*RECORDED DATA*.
────────
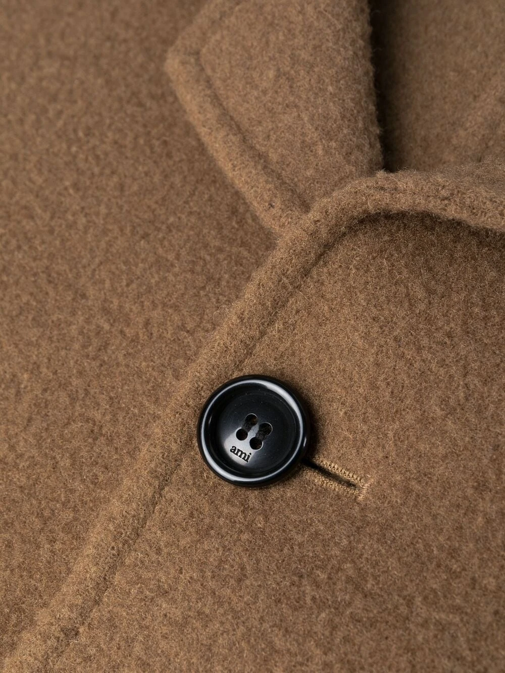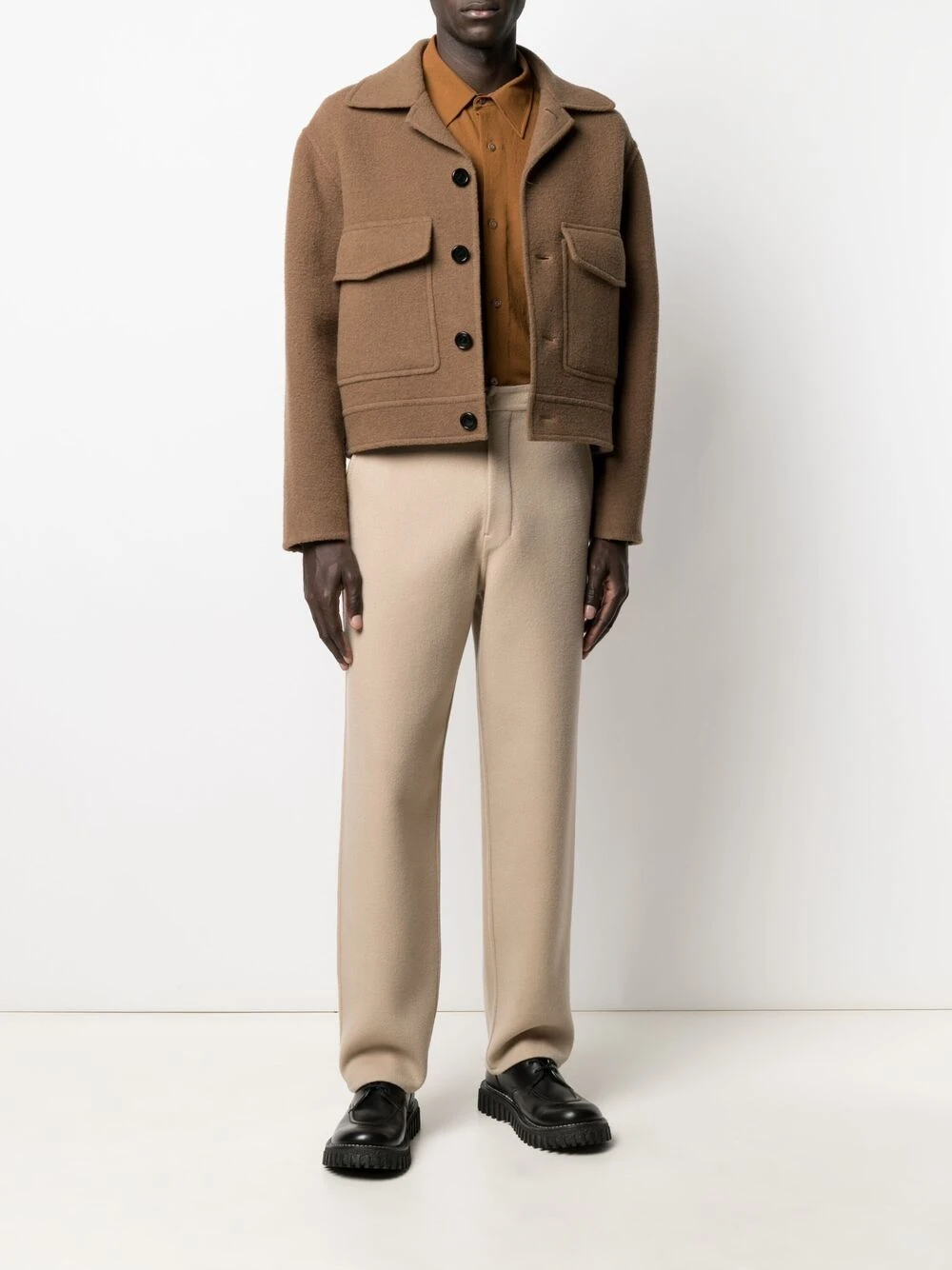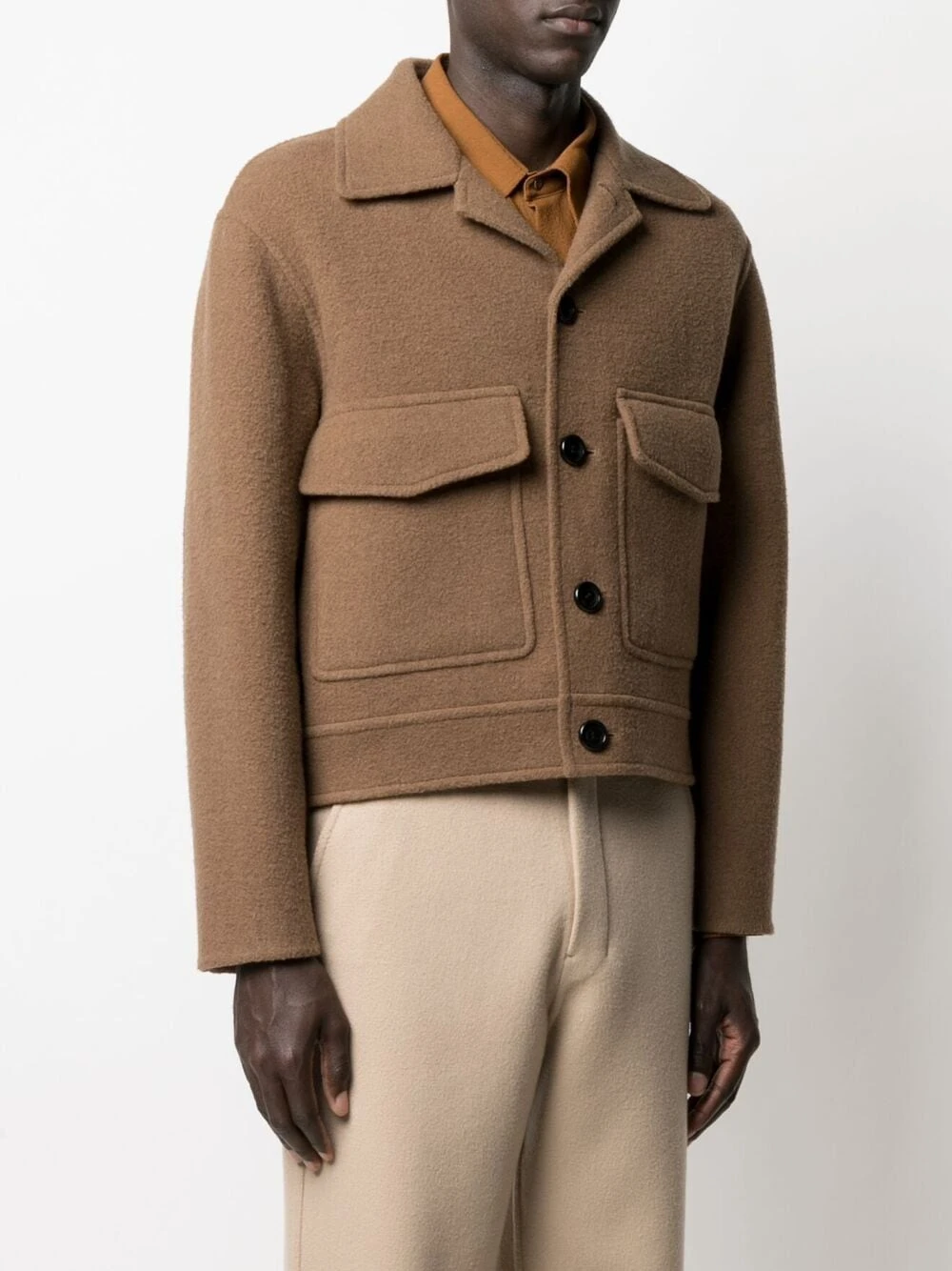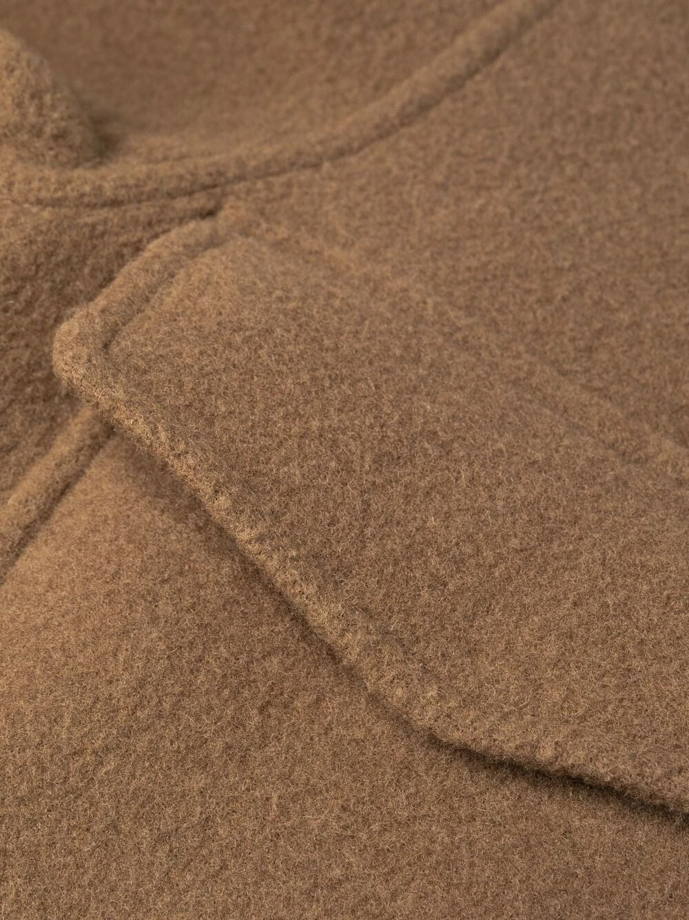 Col classique, effet d’épaules descendues, boutonnière sur le devant, manches longues, deux poches à rabat sur le devant. Matière : laine.
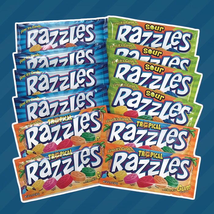 “First it’s a candy, then it’s a gum! Little round Razzles are so much fun!” As the candy brand’s jingle proclaims, Razzles are coin-shaped candies that, when chewed, magically transform into a delicious gum. The candy was popular in the ’60s and ’70s, but the 2004 film 13 Going on 30 revived the popularity of this two-in-one confection.
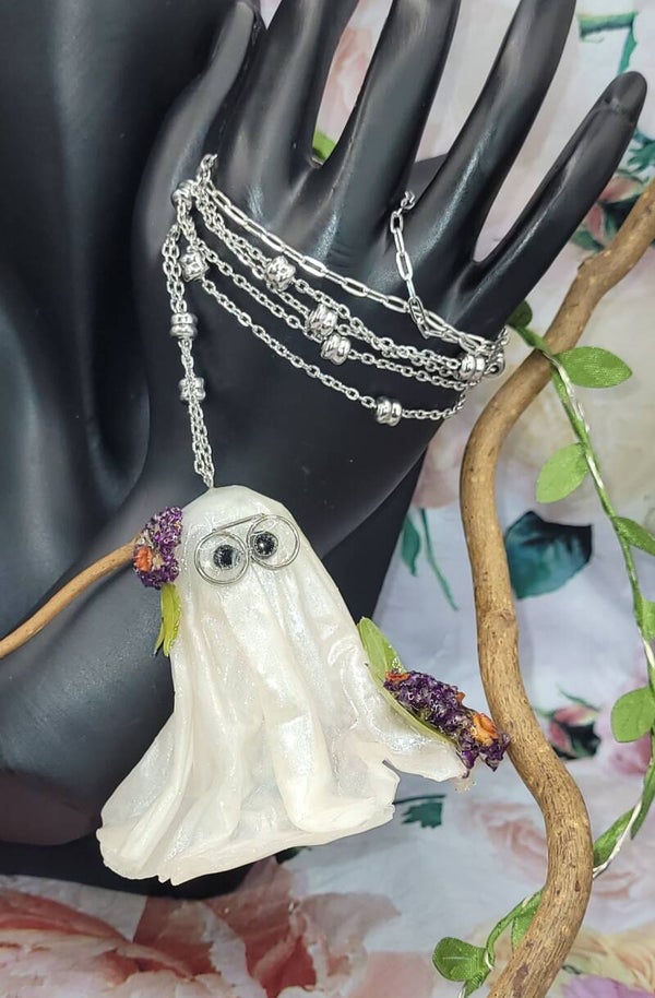 54 cm de long au total pour le sautoir (chaîne + fantôme)
────────
*EXERCISE PROMPT*.
Apart from the images, print all the material above exactly as given.

*EXERCISE OUTPUT*.
 Col classique, effet d’épaules descendues, boutonnière sur le devant, manches longues, deux poches à rabat sur le devant. Matière : laine.
 “First it’s a candy, then it’s a gum! Little round Razzles are so much fun!” As the candy brand’s jingle proclaims, Razzles are coin-shaped candies that, when chewed, magically transform into a delicious gum. The candy was popular in the ’60s and ’70s, but the 2004 film 13 Going on 30 revived the popularity of this two-in-one confection.
 54 cm de long au total pour le sautoir (chaîne + fantôme)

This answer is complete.